雪小了些,众人带上雪具,坐上缆车。缆车是红皮箱式的,四人一间,两边坐,陈界和路卡斯坐一边,兰斯坐一边。
这个距离,二人坐得很紧,身体难免碰到一起,陈界没带手套,手搭在大腿上,皮肤很白、很薄,一条条筋青中透紫。兰斯抬起手,装作不经意地一碰,那只手缩了一下,没躲。
兰斯问:“你的手有点凉,我可以握一下吗?”
陈界说:“……滚。”
兰斯笑看了看小路卡斯:“怕什么?他又听不懂中文,我们聊我们的……你今天涂的面霜是什么味道?我想买点同口味的牙膏。”
陈界把耳机戴上,音量调到最大。
兰斯笑着耸了耸肩,望向对面座位,路卡斯的棕发有点湿,鬃角被剔了,光秃秃的,他往底下看,缆车下面,雪坡后退,车厢轻晃,云杉的树顶像黑蚂蚁般往后爬。

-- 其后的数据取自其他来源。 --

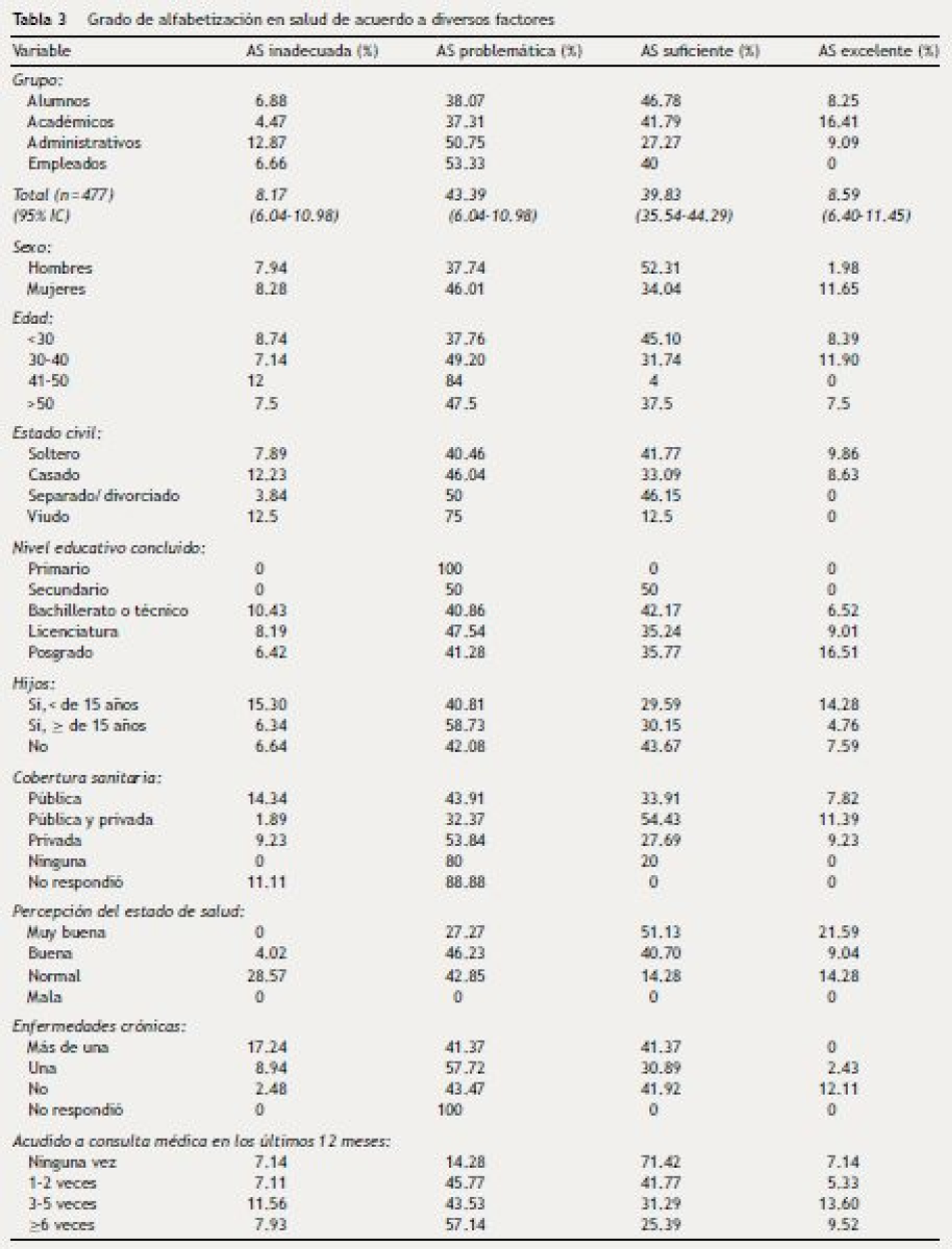 Tabla 3. Grado de alfabetización en salud de acuerdo a diversos factores

缆车里太静,兰斯得找个话题,思来想去,他开口道:“嘿,路卡斯,你昨天的那个安睡小故事听起来不错,后来怎么样了?”
路卡斯捂住耳朵,脸贴在玻璃上望。
。
缆车行了二十几分钟,三人下了车。兰斯常来滑野雪,从山顶往下滑,雪崩在后面追,没有任何安全措施,他的技术最好,他对路卡斯说:“路卡斯,我得教陈界滑雪,你自己在一边玩,注意安全。”
路卡斯皱着鼻子,高冷地点点头,滑走了。
初级道上,全是新手。亮橙色的连体衣,毛线织的帽子,摔着的,爬起的,爬起又摔的,手掌心、鼻尖上、睫毛上全沾着雪粒,狼狈不堪。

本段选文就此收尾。